Di seguito riportiamo un’intervista sugli indici di Piazza Affari e su alcune delle blue chips quotate sul mercato domestico, con domande rivolte a Gerardo Murano, Analista tecnico di ADB.

L’indice Ftse Mib sta vivendo sedute all’insegna dell’incertezza dopo aver fallito per ora un riposizionamento stabile al di sopra di area 16.000. Quali sono le sue attese nel breve e quali i livelli da seguire ora?

Il contesto va analizzato nella sua globalità come abbiamo fatto negli ultimi mesi e c’è bisogno di distinguere le due tendenze: quella primaria al ribasso e quella secondaria al rialzo. Siamo in una tendenza di breve termine al rialzo che sta vivendo una fase di storno ora. Se analizziamo l’andamento dei prezzi dal primo ottobre ad oggi non possiamo che parlare di un andamento neutro-positivo e tale andrà considerato fino a quando i 15.000 punti non saranno violati al ribasso. La rottura di quest’area porterà ad un possibile cambio di scenario e quindi trend primario al ribasso e trend di breve al ribasso si unirebbero, paventando nuovamente scenari particolarmente negativi.
Al momento così non è: le quotazioni si stanno muovendo all’interno di un canale di breve termine rialzista che ha visto frenare la crescita in prossimità dei 16.100/16.200 e ora si attendono i corsi in area 15.600/15.500 ed è questo il livello di supporto di breve termine.

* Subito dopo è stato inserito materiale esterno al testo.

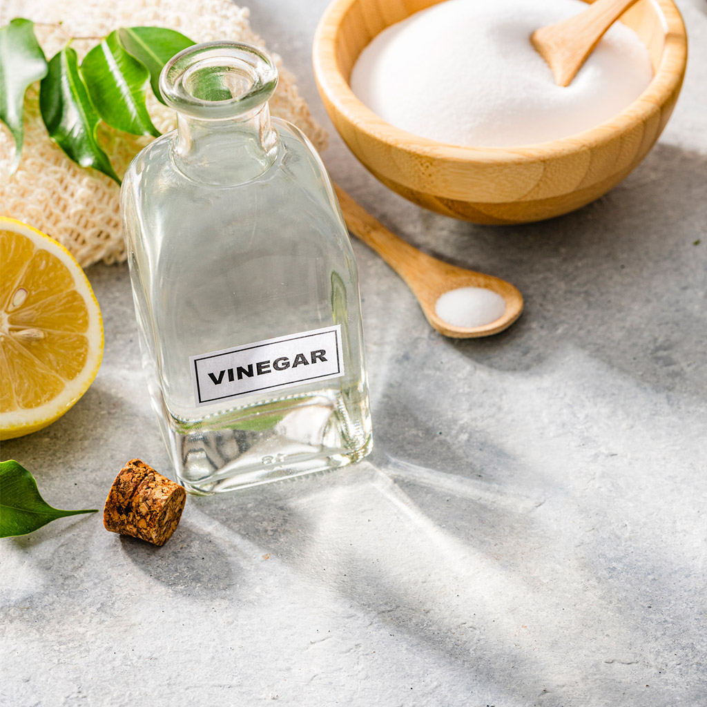 Столовий оцет (9%) допомагає розчиняти плями та усуває неприємний запах. Налий оцет на пляму або оброби її за допомогою ватного диска. Залиш на 15 хвилин і випери. Не варто застосовувати оцет на світлих тканинах, оскільки він може залишати жовті плями. Також не використовуй на делікатних речах, щоб не зіпсувати їх.

E’ alle porte la stagione delle trimestrali societarie anche a Piazza Affari dove si partirà la settimana prossima e saranno i conti aziendali che determineranno l’andamento dell’indice per i mesi a venire.
Al momento lo scenario sembra abbastanza chiaro e quindi sui livelli attuali di prezzo il Ftse Mib ha già scontato eventuali scenari sia positivi che negativi. Siamo in una fase di sostanziale equilibrio con un’operatività che andrebbe caratterizzata da posizioni al rialzo.